Eli Sherman, a PhD candidate in the Department of Computer Science, has been chosen as a 2020 Google PhD Fellow in the machine learning category. He is one of 54 doctoral students from around the globe to receive this fellowship, which awards winners with two years of tuition and fees paid.
Sherman’s research in machine learning and health care prompted him to apply for the competitive fellowship. He is particularly interested in how machine learning can help improve clinical decision-making and the allocation of health care resources.

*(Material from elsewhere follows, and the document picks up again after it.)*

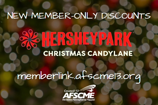 Members of AFSCME Council 13 are eligible for discounts on tickets to Hersheypark Christmas Candylane, as well as Hershey Sweet Lights (a drive-through light display separate from Hersheypark).
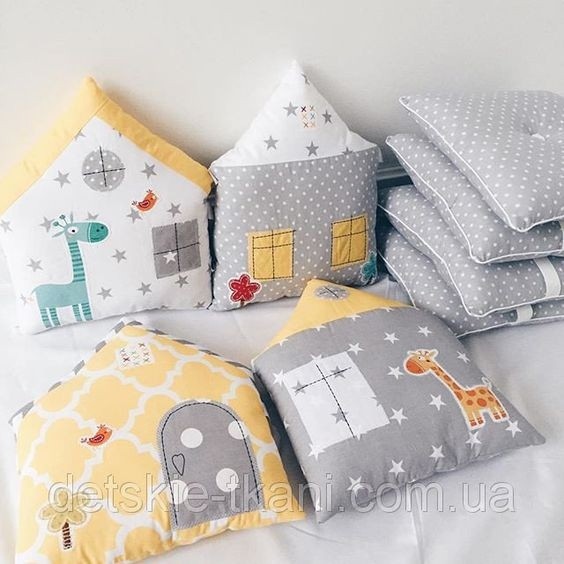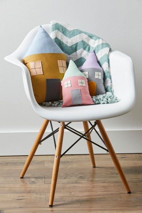 В зависимости от того, какие домики вы придумаете - эти подушки могут располагаться как в детской, так и в зале.

“Imagine you need an important medical procedure and your hospital only has the capacity to perform that procedure for one patient per day. If there happen to be several people ‘in line’ for the procedure, how should clinicians at the hospital decide which patient goes first?” Sherman asks. “Certainly, there are clear cases where a patient in a severe state of illness should be moved to the front of the line. But there are also gray areas, where determining severity and need is less obvious. These are the types of questions I study.”
Advised by Ilya Shpitser, a John C. Malone Assistant Professor of Computer Science, Sherman utilizes statistics and causal inference—a machine learning-adjacent field—in his research. Casual inference focuses on developing methods to identify and quantify causal relationships between variables in data collected from the world around us.
“I work on methods for analyzing causal relationships in populations where there is dependence between the subjects we’re studying, such as infectious disease spread, pollution, or public policy,” Sherman says.
Google created its PhD Fellowship program in 2009 to recognize and support outstanding graduate students who seek to influence the future of technology by pursuing exceptional research in computer science and related fields. Now in its 12th year, these fellowships have helped support approximately 500 graduate students globally in North America, Europe, Africa, Australia, East Asia, and India.
“I view this fellowship as permitting me a great deal of freedom to pursue the development of methods for better allocating resources and, more importantly, work towards deploying them in clinical practice,” says Sherman. “The strongest motivation for doing research is not the intellectual challenge of the work, but the idea that the research could have a tangible, positive impact on peoples’ lives.”